My dad cosigned a note for me to buy my first skidder at 17, a John Deere 440A for $6500.00. I loaded the logs and wood with a 1530 John Deere tractor. (same one you might see in some pictures I sent). I worked after school and on Saturdays to make that skidder payment. By that time, I had purchased a 1968 Dodge 2-ton single axle truck, I got this guy to help me, and we put a dead axle under it. When I was not hung up, I could haul 2500-2800 feet of good logs.

I got out of high school in 1976 and continued to log, bought a Husky knuckle boom and had a 15” Mobark feller – buncher mounted on a 951 Cat loader and had bought a new 518 Cat Skidder and later put a grapple on it. I had upgraded to 2 DM model live tandem Mack trucks. I was doing good until in 1981 when two of my men died in accidents.

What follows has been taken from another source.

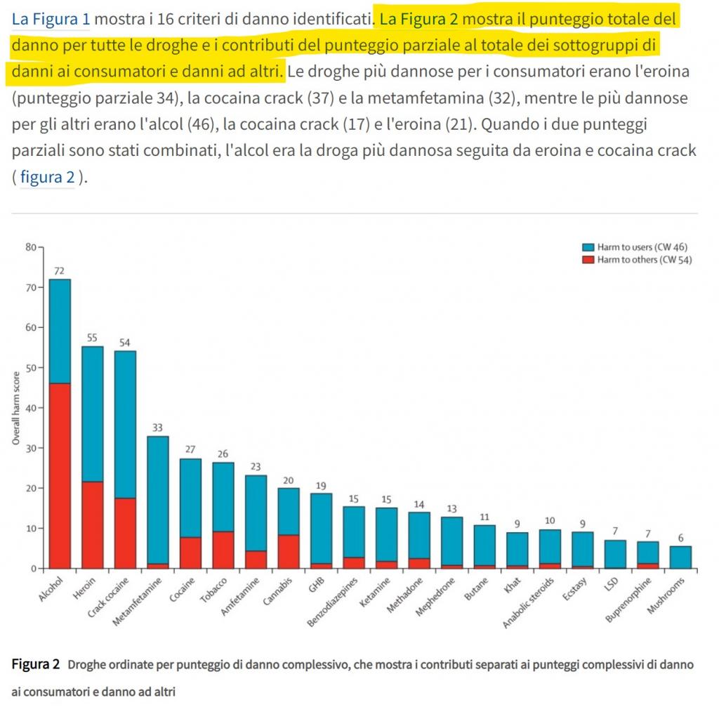 Qui potete leggere uno studio che tra le varie droghe (perché questo è) classifica l’alcol al primo posto come punteggio di danno complessivo, al secondo posto troviamo l’eroina. Il grafico mostra in rosso il danno che la sostanza provoca agli altri, in blu quello che porta al consumatore. L’alcol è al primo posto come danno nei confronti degli altri, al quarto posto come danno che causa a chi lo consuma, ma complessivamente la somma dei due ci mostra come l’alcol sia la più pericolosa tra le sostanze analizzate.

The first one wrecked one of the Mack trucks with a load of 24’ long oak wood headed to Riverville between Concord and Appomattox; the other accident happened when a tree I had just cut but was not grabbed by one of the arms in the feller buncher hit my man across the head in Chatham. I continued to log for another 2 years but my heart was not it. I loved logging more than anything I had ever done but the markets were very bad in 1982 and I stopped logging in December.

I went to work at my family’s (two uncles & father) new wood treatment plant and stayed there until they all split up and started working at RockTenn Company almost 4 years. Next, I came to work in 1996 for Sonny Merryman as trailer shop manager. In 2016 as well as looking after the trailer shop, I started selling trailers, mostly forestry trailers like log, chip, and flat beds since I already had a lot of good contacts.

In 1990 a lady from our church, Kedron Baptist Gladys with the WMU (Women’s Missionary Union) asked if I would get a men’s Brotherhood ministry started and we started a month or two later with 20 men!

We have had some men die out or move and have new ones join. I have seen men bring their young sons to our group and now these young men are now adult men of their own. We have a GREAT group of men and we have done a variety of projects. We have built woodsheds, cut grass in many yards, trimmed countless shrubs, painted metal roofs, blown out a million gutter, helped move furniture, pianos, delivered food, and countless other things of kindness. After 31 years we are still going good.

A lot of us are getting older and we do have a few young ones coming along but not as many as I would like. God has blessed me with a good job and the means to buy a loader, log truck and other things to help with our ministry. We have a great bunch of men and some of them have “saw dust” in their blood like me.

We are SO blessed to have my neighbors David Morton and AL Hines who work during the week sometime and cut up and split wood. Last year we gave away roughly 160 pickup loads of wood to people in need in the community.

Bobby Nichols and Bo have donated wood as well as several folks who may have dead or blown over trees that we will go get up and haul away on that good looking brown Chevy Wood Chuck!

God has blessed us as a group in SO many ways with good men, keeping us safe, and support from individuals. We have received discounts on new chain saws we have bought from Philips Equipment in

Rustburg and Sonny Merryman has given me church discounts on the two trailers I bought (one flat we process the wood, and one van sitting on the ground) that stores our saws and supplies and wood splitters. Long Island Lumber and H&S Construction, of Long Island, VA graciously donated several dump – truck loads of firewood for their ministry. I think one of the best things for me was advice from my grandfather and father – “Love the lord, work hard and treat people honestly.”

Binnie made it clear as he shared his story of his love for wood and service to others. Binnie said, “I still love the smell of that fresh sawdust coming out of that sharp Stihl”.